大前研一氏は、かつて教壇に立った経験から、ビジネススクールにおける日本人の生徒が欠けているものを指摘しています。

それは、質問力と発言力だと。

米国のビジネススクールでは、「クラス討議で評価される現状」では黙っていたり、他の人の意見に迎合する態度は評価が低いということです。

「沈黙は金」ではありません。

意見を述べることは不可欠なことですが、ロジカル・シンキングとロジカル・コミュニケーションがベースになるということです。



特許紛争に至っては、アメリカの「先発明主義」に、日本のみならず他の先進国が採用する「先願主義」はもろくも敗れ去りました

かつて日本の経済力が世界最強といわれた時期に、アメリカは鉄鋼、半導体、テレビ、自動車など日本の主力産業において、ある時は日米間の貿易不均衡を、ある時はCOCOMを盾に、またある時は反トラスト法に照らして、激しくジャパン・バッシングを展開しました。

また特許紛争に至っては、アメリカの「先発明主義」に、日本のみならず他の先進国が採用する「先願主義」はもろくも敗れ去りました

『ザ・プロフェッショナル』 大前研一の名言 1 〈691〉      





日本政府はみずから強い産業を制し、国際競争力に乏しい産業を保護することで、その意に反して日本の国力を弱体化させてしまいました

当時からわかっていたことですが、日本政府はみずから強い産業を制し、国際競争力に乏しい産業を保護することで、その意に反して日本の国力を弱体化させてしまいました

これはロジカル・シンキングとロジカル・コミュニケーションの欠如が原因です。パワー・バランスにおいて不利なことははなから承知のはずです。

これを何とかするのが政府の役割なのに、そもそも議論する力、つまりは考えうる選択肢から論理的に最善解を導き出し、そのための戦術と戦略を立案する能力に欠けていたため、アメリカへの追従と国民への一方的な言い訳という、最も安易な道に流れてしまったのです。

 『ザ・プロフェッショナル』 大前研一の名言 2 〈692〉            
            
                      
           


アメリカのビジネススクールなどでは、日本人の生徒が入ると、クラス全体のレベルが落ちます
これは知識が欠けているからではありません。彼らの決定的弱点は質問力、発言力です

アメリカのビジネススクールなどでは、日本人の生徒が入ると、クラス全体のレベルが落ちます。私自身も教壇に立って実感したのですが、日本人の知力の平均値は明らかに低いようです。

これは知識が欠けているからではありません。

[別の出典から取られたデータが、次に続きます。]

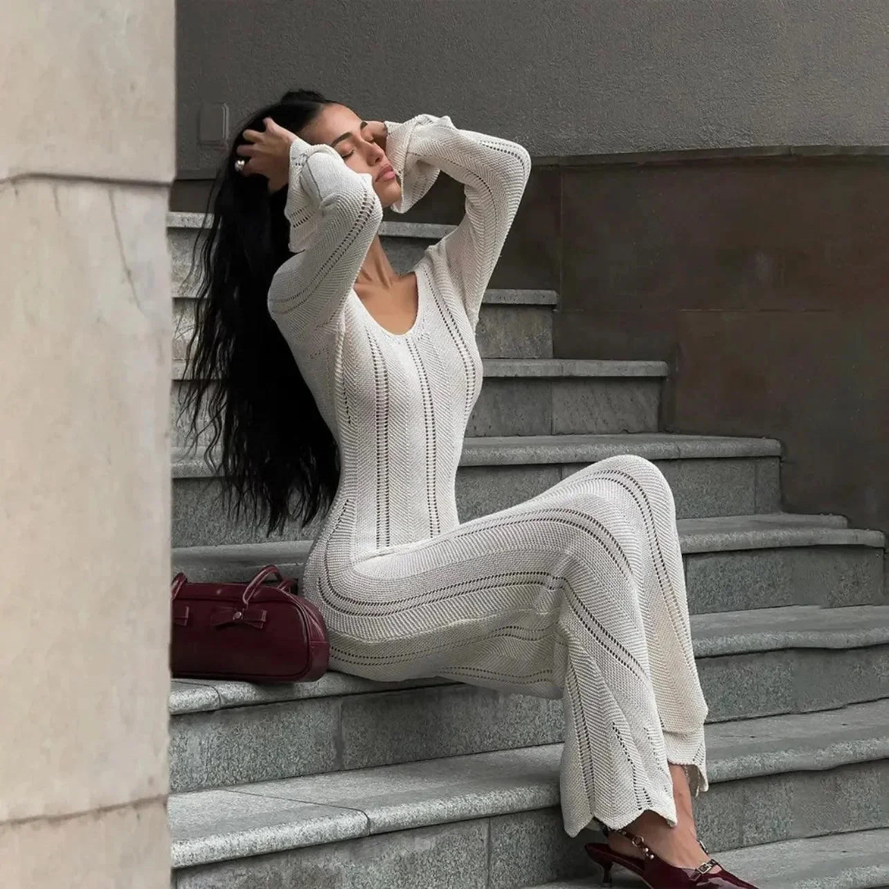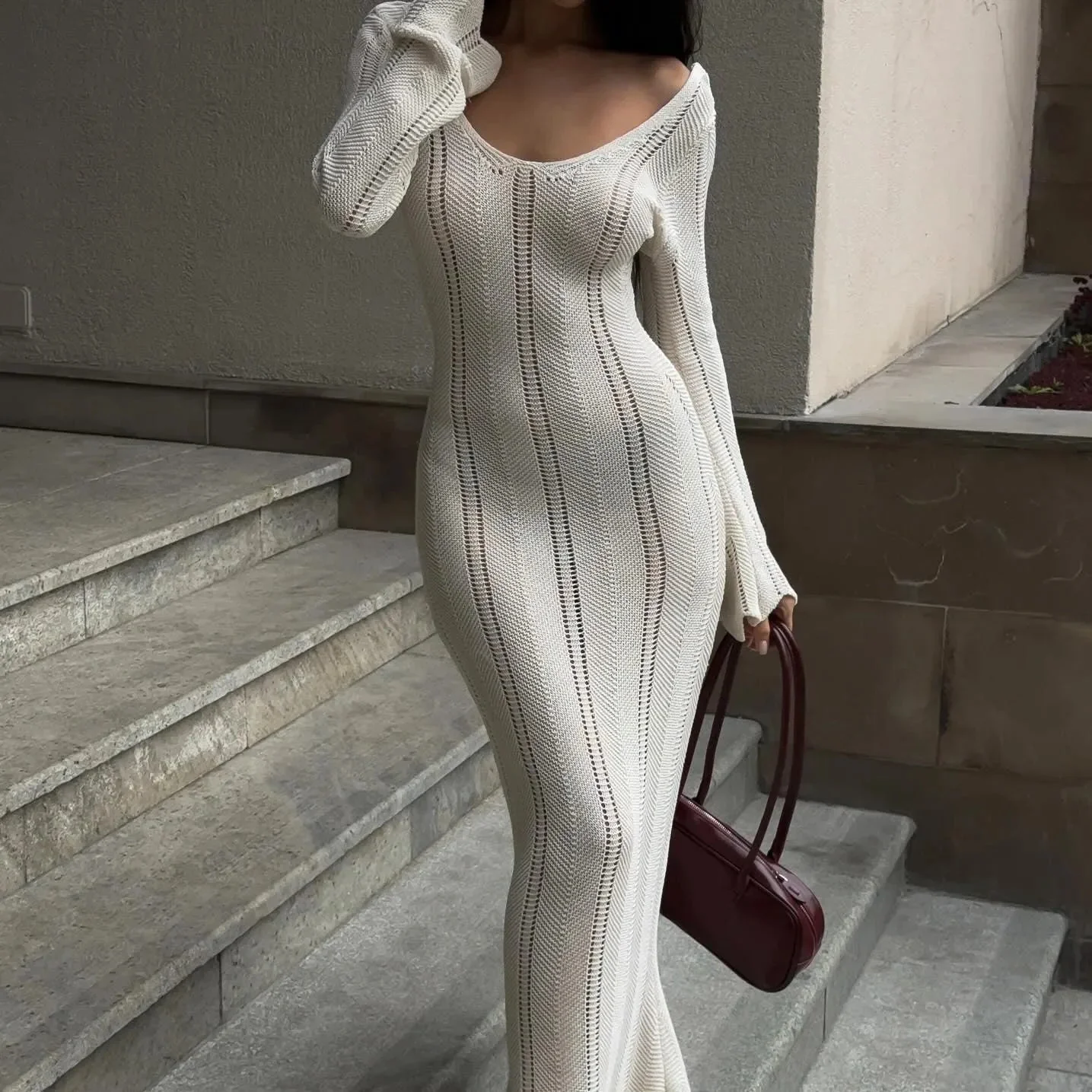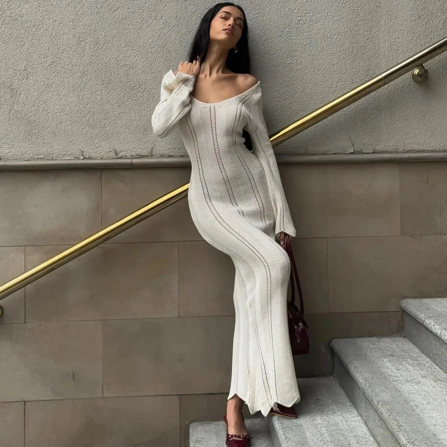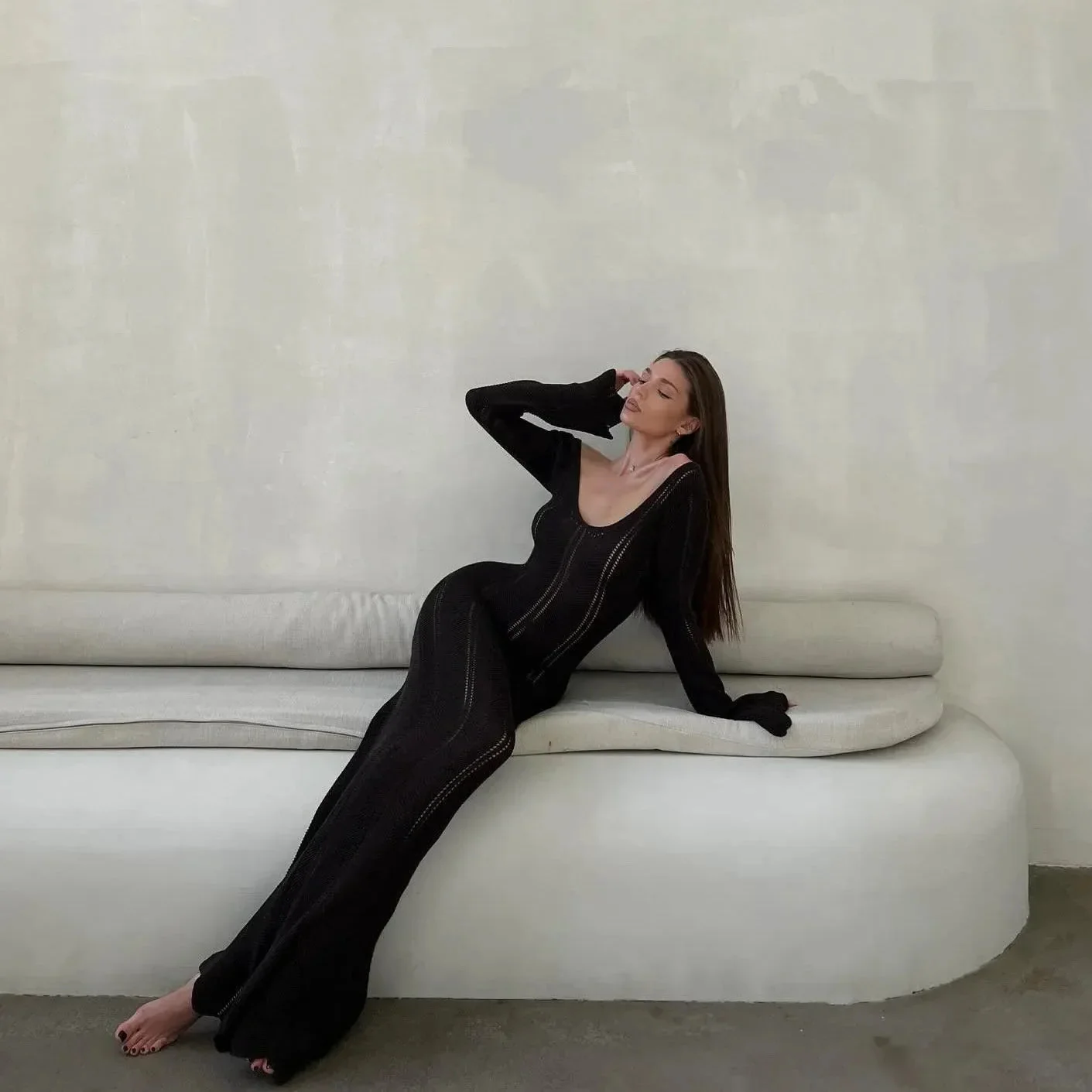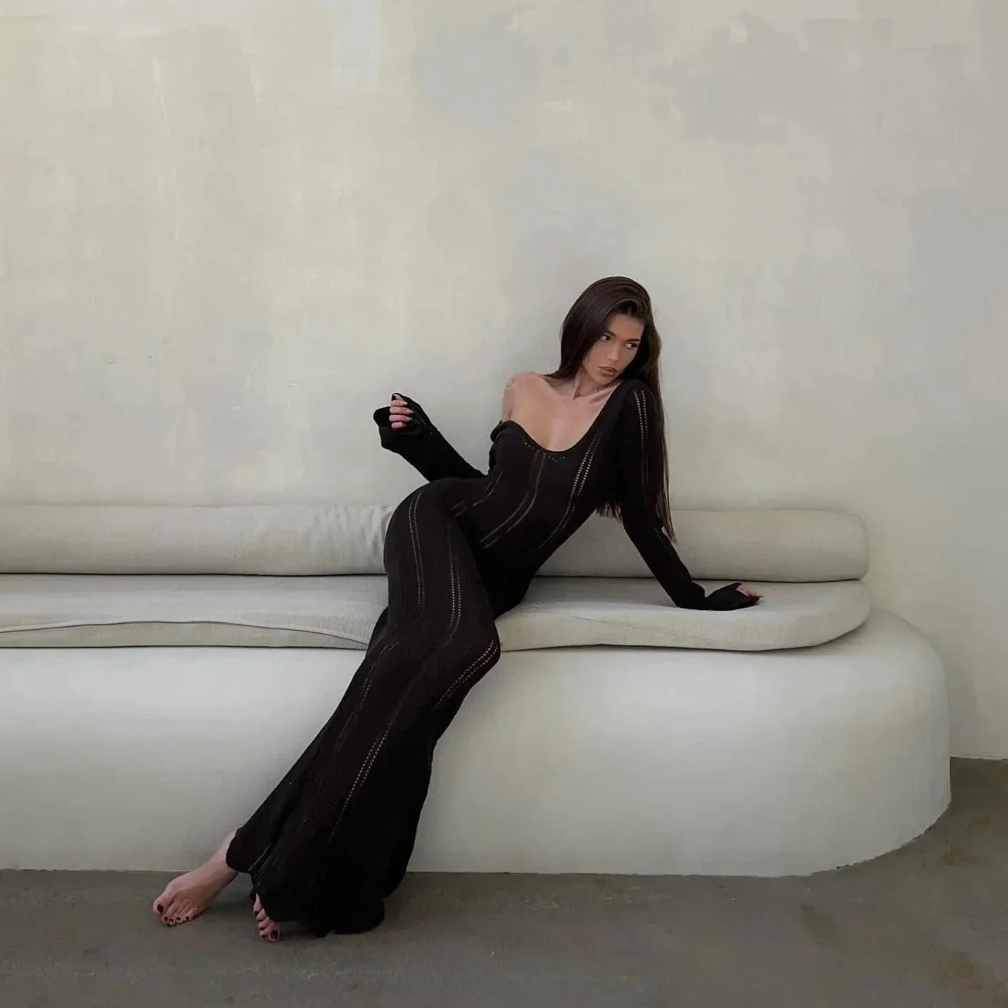 Elevate your style with our Long Sleeved Maxi Dress. This knitted dress offers a blend of style and comfort, featuring an elegant design, flattering fit, and soft, high-quality fabric. Perfect for any occasion, the dress can be dressed up or down effortlessly. Its sophisticated long sleeves and floor-length skirt exude elegance and versatility. Embrace unmatched comfort and style. Shop the Long Sleeved Maxi Dress today and make a statement at every event! Discover more outfit inspirations on Instagram @mermaid_way. FEATURES: knitted construction, open knit, semi-sheer design, raw-cut edges and hems, unlined. MATERIAL: 64% cotton, 36% Nylon. Enjoy complimentary exchanges for size mismatches.

彼らの決定的弱点は質問力、発言力です

成績のかなりの部分がクラス討議で評価される現状では、これは如何ともしがたい問題です。

かつて盛田昭夫氏が『メイド・イン・ジャパン』(朝日新聞社)のなかで指摘したとおり、自分の意見や主張を公の席で提示したり、ほかの人が発した意見を瞬時に理解したり、それについて議論を展開することが、日本人は非常に不得手です。

ビジネススクールのクラスのレベルが下がるのも、日本人の生徒の数だけ議論への真の参加者が少なくなるからです。

『ザ・プロフェッショナル』 大前研一の名言 3 〈693〉            



下記のウェブサイトの内容は抜粋ですが、かなり内容が濃いですよ。





地震発生から1週間 福島原発事故の現状と今後
(大前研一ライブ579) 2011/3/19収録





大前研一 × 堀江貴文 「日本のテクノロジー」対談(完全版) 2013/12/18

       


➳ 編集後記

『ザ・プロフェッショナル』という本について

『ザ・プロフェッショナル』 はプロフェッショナルとは何か、プロフェッショナルになるために必要な考え方や行動の仕方、さらに何を身に着けなければならないかについて書かれた本です。

一言でプロフェッショナルと言っても、業界や職種によって求められる資質は異なるかもしれませんが、そこには共通点があるはずです。

そのあたりにも着目してご覧ください。

🔴「特許紛争に至っては、アメリカの『先発明主義』に、日本のみならず他の先進国が採用する『先願主義』はもろくも敗れ去りました」

米国が「先発明主義」(先に発明した者に特許権を与える制度 Wikipedia)を採用しているのは、私見ですが、発明王トーマス・エジソンが米国人であったことが影響していると考えています。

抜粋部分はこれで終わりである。